Self singles chronology
| "Trunk Fulla Amps" (1999) | "Stay Home" (2001) | "Grow Up" (2003) |

= Stay Home =

"Stay Home" is a song by the American pop rock band Self, released through DreamWorks Records on May 15, 2001. It was written and performed by the band's lead member, Matt Mahaffey, with mixing and production by Eric Valentine. The track was composed for the 2001 DreamWorks animated fairy tale comedy film Shrek, appearing in its end credits and on the film's accompanying soundtrack.

==Background==
In 1999, pop rock band Self released the album Breakfast with Girls through DreamWorks Records as part of a recording contract. The band's lead member, Matt Mahaffey, continued to receive offers from the label following its release. The first of these was to write a song for the opening scene of the DreamWorks Animation film Shrek.
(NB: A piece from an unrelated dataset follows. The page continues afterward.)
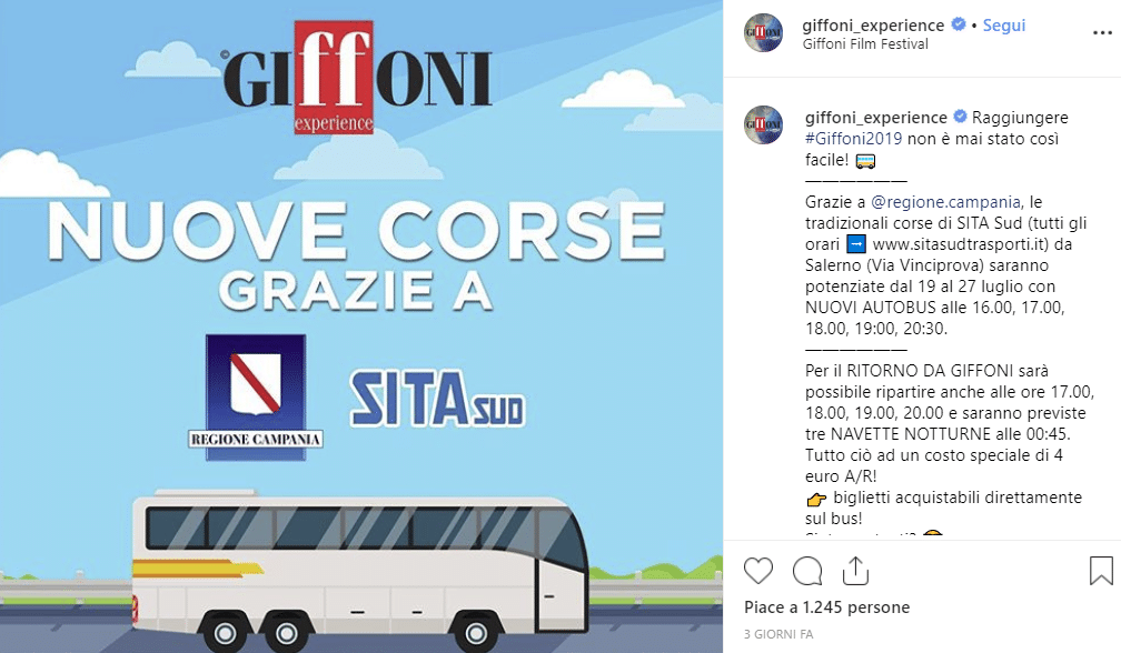 Chi viaggia in treno, dovrà arrivare alla stazione ferroviaria di Salerno e da lì scegliere un treno regionale. Chi invece viaggia in autobus può consultare questo sito segnalato dall’organizzazione del festival dove sono presenti gli autobus che partono da Salerno e arrivano a Giffoni Valle Piana.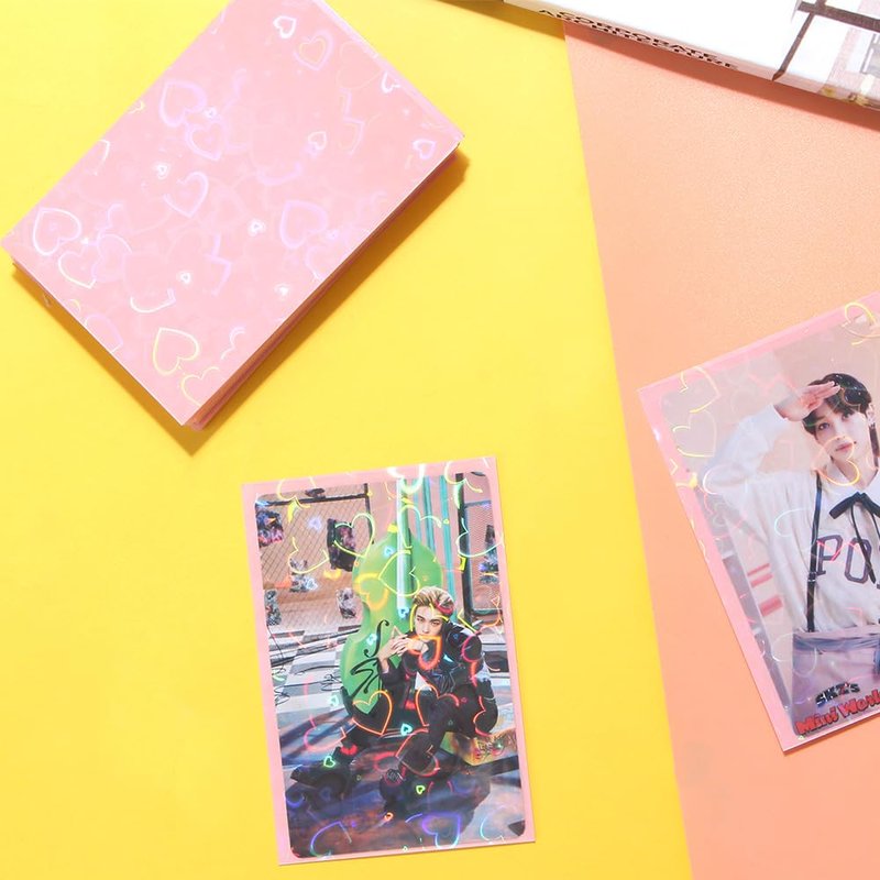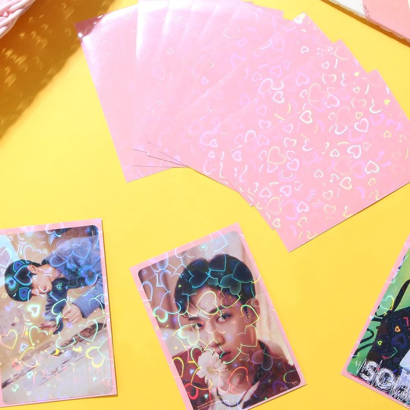 - [Exquisite Design]: This card protector has a one side adopts laser style with a heart pattern and transparent design, which glitters and glitters under the lights, allowing you to distinguish different cards. With a candy color design on the back, which makes these photo card sleeves more beautiful and delicate.

Simultaneously, the studio was considering using Smash Mouth's "All Star" for the sequence, motivating Mahaffey to try topping it. He began writing and composing the song after watching a rough cut of the movie. He found Shrek to be a "curmudgeon" from it, attempting to encapsulate his vibe in the song's lyrics and finishing it a month later as "Stay Home".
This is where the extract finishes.